Data section:

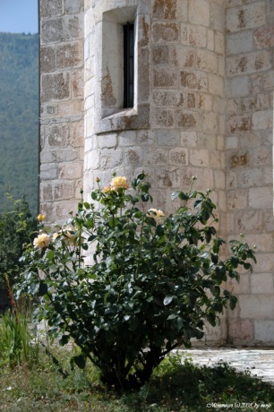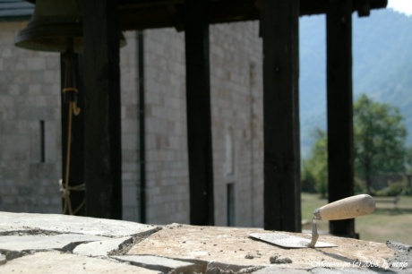 СанекК на спуске был первым, а посему пролетел большой такой указатель налево. До монастыря с главной дороги всего 400 м, хоть и под горочку, и пропускать такое я категорически не хотел. Встал. Жду. Через некоторое время возвращается летчик. Выясняем отношения, прошу повнимательнее читать такие вот знаки и не пропускать их (как минимум не посовещавшись, ибо мы не гоняемся, а путешествуем на велосипедах по Черногории). Сруливаем под горочку с главной дороги и оказываемся у каменной стены реконструируемого (или достраиваемого) монастыря. Два работника копошатся на стене. Добродушно встречают нас и на вопрос о возможности посещения говорят, что "конечно же можно!", рекомендуют поставить велосипеды не так как мы сделали (у входа), а завести вовнутрь. Оставляем велы под присмотром арбайтеров, шлем на руль, фотоаппарат в руки... Пожалуй, ничего не буду дополнительно о монастыре рассказывать, просто посмотрите фото оттуда.
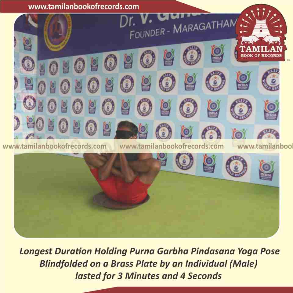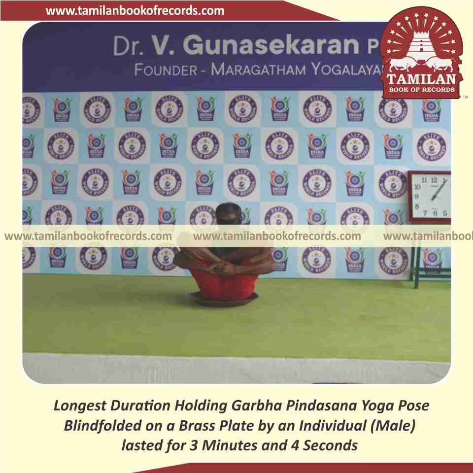 Longest Duration Holding Garbha Pindasana Yoga Pose Blindfolded on a Brass Plate by an Individual (Male)
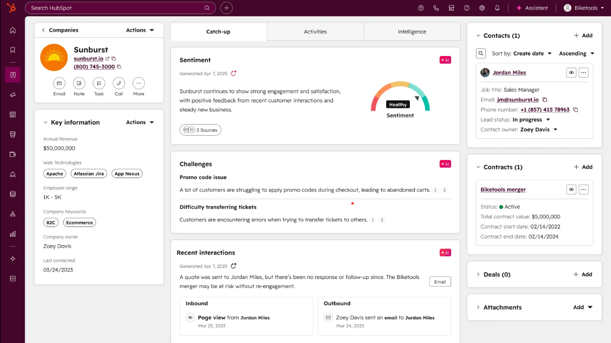HubSpot CRM تمرکز خود را بر هم راستاسازی تیم های بازاریابی و فروش قرار داده و هوش مصنوعی در نرم افزار CRM را در بستر اتوماسیون بازاریابی توسعه داده است. این پلتفرم رفتار کاربران وب سایت، نرخ تعامل با محتوا، پاسخ به ایمیل ها و مسیر حرکت در قیف فروش را تحلیل می کند.

Assignment: All lines above are to be restated word for word, with pictures excluded.

Solution:
 СанекК на спуске был первым, а посему пролетел большой такой указатель налево. До монастыря с главной дороги всего 400 м, хоть и под горочку, и пропускать такое я категорически не хотел. Встал. Жду. Через некоторое время возвращается летчик. Выясняем отношения, прошу повнимательнее читать такие вот знаки и не пропускать их (как минимум не посовещавшись, ибо мы не гоняемся, а путешествуем на велосипедах по Черногории). Сруливаем под горочку с главной дороги и оказываемся у каменной стены реконструируемого (или достраиваемого) монастыря. Два работника копошатся на стене. Добродушно встречают нас и на вопрос о возможности посещения говорят, что "конечно же можно!", рекомендуют поставить велосипеды не так как мы сделали (у входа), а завести вовнутрь. Оставляем велы под присмотром арбайтеров, шлем на руль, фотоаппарат в руки... Пожалуй, ничего не буду дополнительно о монастыре рассказывать, просто посмотрите фото оттуда.
 Longest Duration Holding Garbha Pindasana Yoga Pose Blindfolded on a Brass Plate by an Individual (Male)
HubSpot CRM تمرکز خود را بر هم راستاسازی تیم های بازاریابی و فروش قرار داده و هوش مصنوعی در نرم افزار CRM را در بستر اتوماسیون بازاریابی توسعه داده است. این پلتفرم رفتار کاربران وب سایت، نرخ تعامل با محتوا، پاسخ به ایمیل ها و مسیر حرکت در قیف فروش را تحلیل می کند.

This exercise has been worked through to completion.